▶ _YOUR TASK_:
Your task is to transcribe all of the data below exactly, omitting the images.

▶ _EXERCISE DATA_:

____

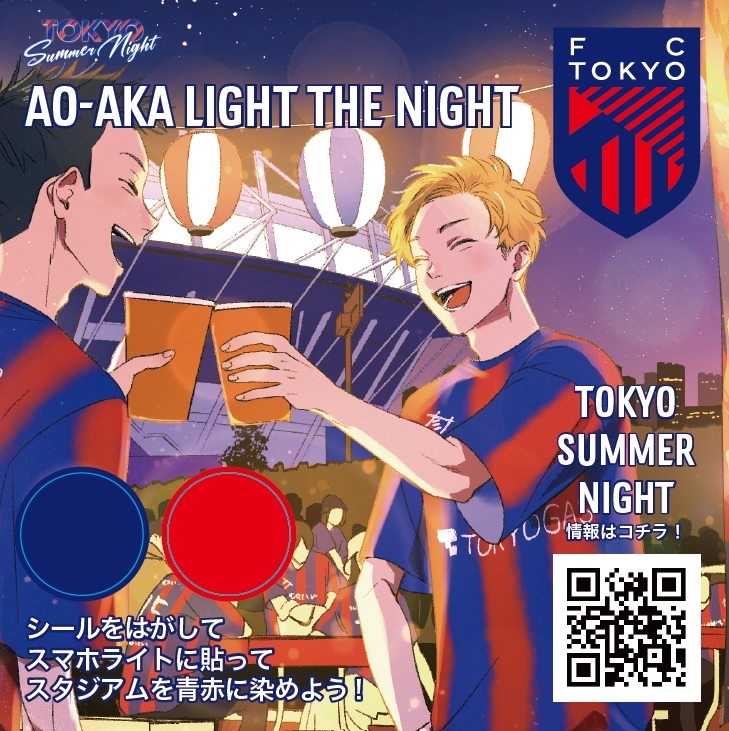 TOKYO SUMMER NIGHT活动的一部分,8月11日(周日祝) 2024明治安田J1联赛第26轮对阵川崎Frontale比赛(19:00开球/味之素体育馆)将向前来观赛的前20,000名观众发放『AO-AKA LIGHT THE NIGHT』贴纸。
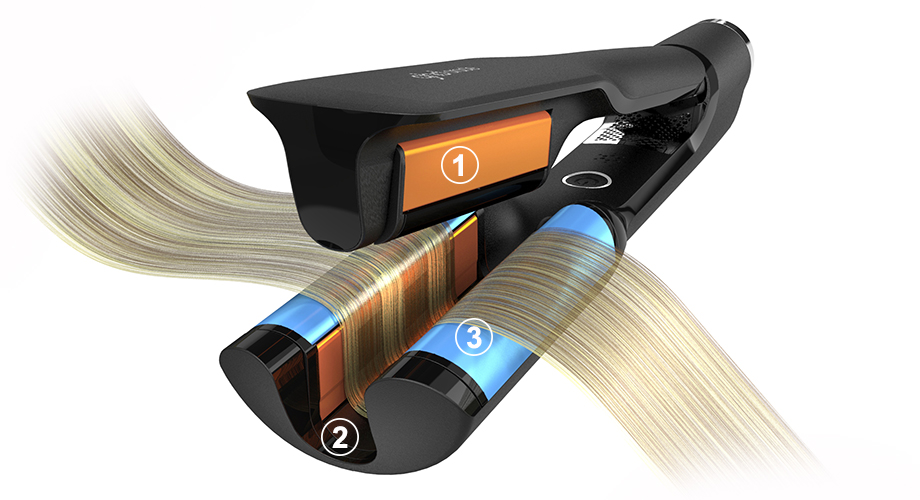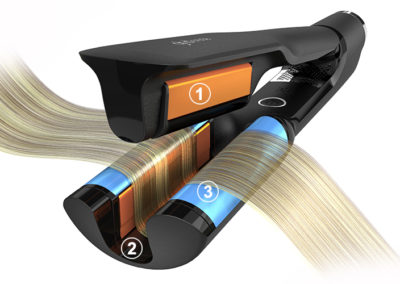 Il prodotto: i capelli passano attraverso un cilindro dal design unico a forma di U, realizzato con 4 differenti lamelle in ceramica. Quando una ciocca attraversa la zona riscaldata, lì si forma il riccio. Quando il capello scivola fuori dal cilindro a U, si imbatte nel sistema di raffreddamento che rapidamente raffredda il capello e definisce così il riccio. Inoltre, la presenza di una zona fredda rende il tool freddo al tatto e consente di posizionare le lamelle direttamente alle radici, per un’esperienza di styling più confortevole. Lo styling del capello viene effettuato alla temperatura ottimale di 185°C, cioè quando entra nella fase di glass transition, la fase in cui il materiale passa da uno stato solido e fragile ad uno malleabile e plastico… nell’ hair styling questa è la temperatura in cui i capelli possono essere modellati senza subire danni.
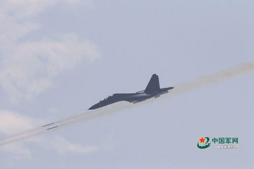 图为某型战机向地面目标发射火箭弹。张海深 摄
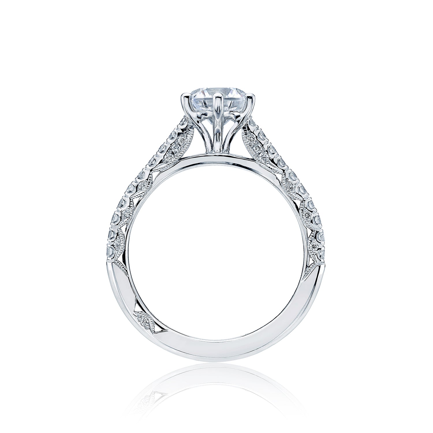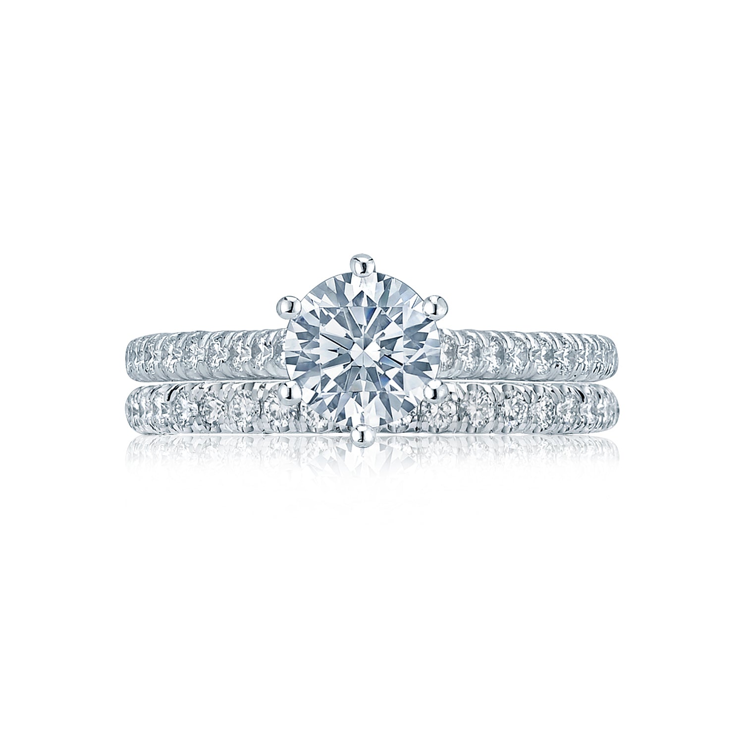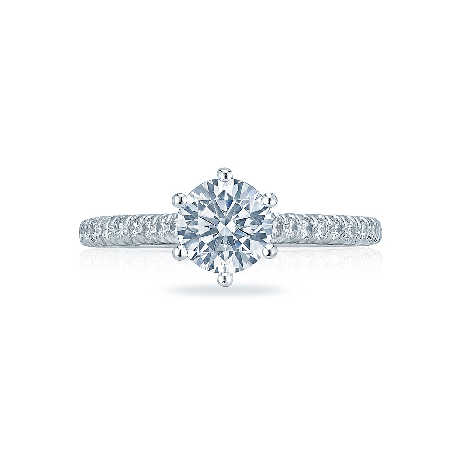 TACORI White Gold and Diamonds Engagement Ring This ring is perfect for the Tacori Girl who is looking for the bigger diamond look. A brilliant round center diamond sits gently on a pavé set string of diamonds for an elegant and dainty look.\ This engagement ring can accommodate a variety of center diamond sizes, starting at 0.75 carats, available by special order. This engagement ring can accommodate Princess, Round diamond shapes, available by special order. Total carats in engagement ring as pictured (not including center diamond) equal approximately 0.43. Metal Shown: 18 karat white gold Available in Platinum, as well as 18k White, Yellow and Rose Gold
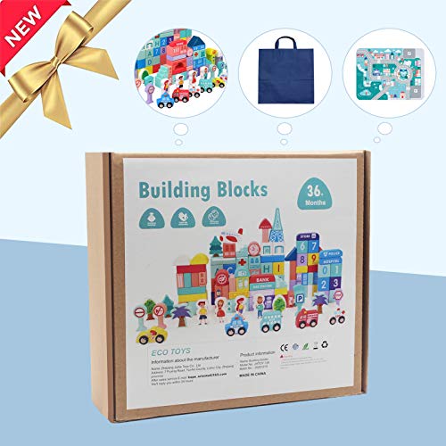🔸 【DIMENSIONE CONFEZIONE】: 18,3 * 15 * 6,4 cm Con 1 pezzo di puzzle di carta e 108 pezzi di blocchi di legno. Città colorate che costruiscono giocattoli e alberi, veicoli, cartelli, attività.
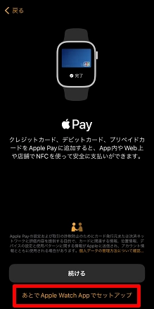 ここでは[あとでApple Watch Appでセットアップ]をタップします。
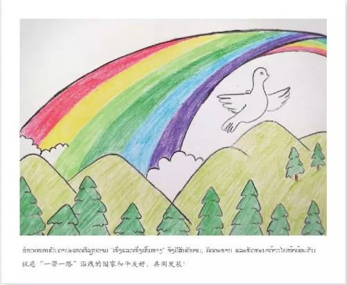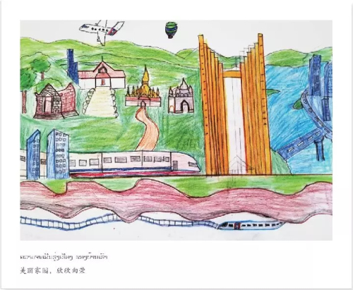 ↑中老友好农冰村小学的学生画作(中共中央对外联络部提供)
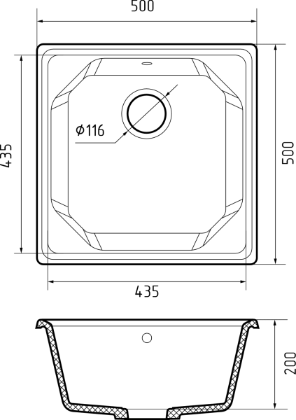 Размер чаши: 435x435x200 мм
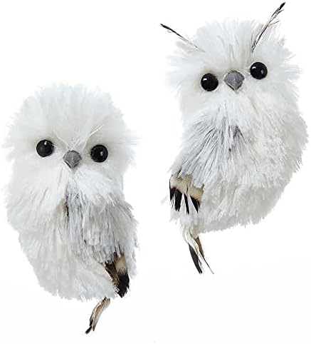 These White and Silver Hanging Owl Ornaments are a charming addition to any holiday decor or Christmas tree. This assortment features 2 owls, one with horns and one without. Both have a soft plush design and feather accents on the wings and tail.
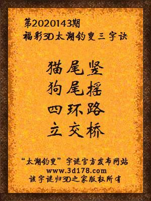 福彩第2020143期3d太湖字谜:猫尾竖,狗尾摇,四环路,立交桥

____

▶ _REPLY TO THE EXERCISE_:
 TOKYO SUMMER NIGHT活动的一部分,8月11日(周日祝) 2024明治安田J1联赛第26轮对阵川崎Frontale比赛(19:00开球/味之素体育馆)将向前来观赛的前20,000名观众发放『AO-AKA LIGHT THE NIGHT』贴纸。
 Il prodotto: i capelli passano attraverso un cilindro dal design unico a forma di U, realizzato con 4 differenti lamelle in ceramica. Quando una ciocca attraversa la zona riscaldata, lì si forma il riccio. Quando il capello scivola fuori dal cilindro a U, si imbatte nel sistema di raffreddamento che rapidamente raffredda il capello e definisce così il riccio. Inoltre, la presenza di una zona fredda rende il tool freddo al tatto e consente di posizionare le lamelle direttamente alle radici, per un’esperienza di styling più confortevole. Lo styling del capello viene effettuato alla temperatura ottimale di 185°C, cioè quando entra nella fase di glass transition, la fase in cui il materiale passa da uno stato solido e fragile ad uno malleabile e plastico… nell’ hair styling questa è la temperatura in cui i capelli possono essere modellati senza subire danni.
 图为某型战机向地面目标发射火箭弹。张海深 摄
 TACORI White Gold and Diamonds Engagement Ring This ring is perfect for the Tacori Girl who is looking for the bigger diamond look. A brilliant round center diamond sits gently on a pavé set string of diamonds for an elegant and dainty look.\ This engagement ring can accommodate a variety of center diamond sizes, starting at 0.75 carats, available by special order. This engagement ring can accommodate Princess, Round diamond shapes, available by special order. Total carats in engagement ring as pictured (not including center diamond) equal approximately 0.43. Metal Shown: 18 karat white gold Available in Platinum, as well as 18k White, Yellow and Rose Gold
🔸 【DIMENSIONE CONFEZIONE】: 18,3 * 15 * 6,4 cm Con 1 pezzo di puzzle di carta e 108 pezzi di blocchi di legno. Città colorate che costruiscono giocattoli e alberi, veicoli, cartelli, attività.
 ここでは[あとでApple Watch Appでセットアップ]をタップします。
 ↑中老友好农冰村小学的学生画作(中共中央对外联络部提供)
 Размер чаши: 435x435x200 мм
 These White and Silver Hanging Owl Ornaments are a charming addition to any holiday decor or Christmas tree. This assortment features 2 owls, one with horns and one without. Both have a soft plush design and feather accents on the wings and tail.
 福彩第2020143期3d太湖字谜:猫尾竖,狗尾摇,四环路,立交桥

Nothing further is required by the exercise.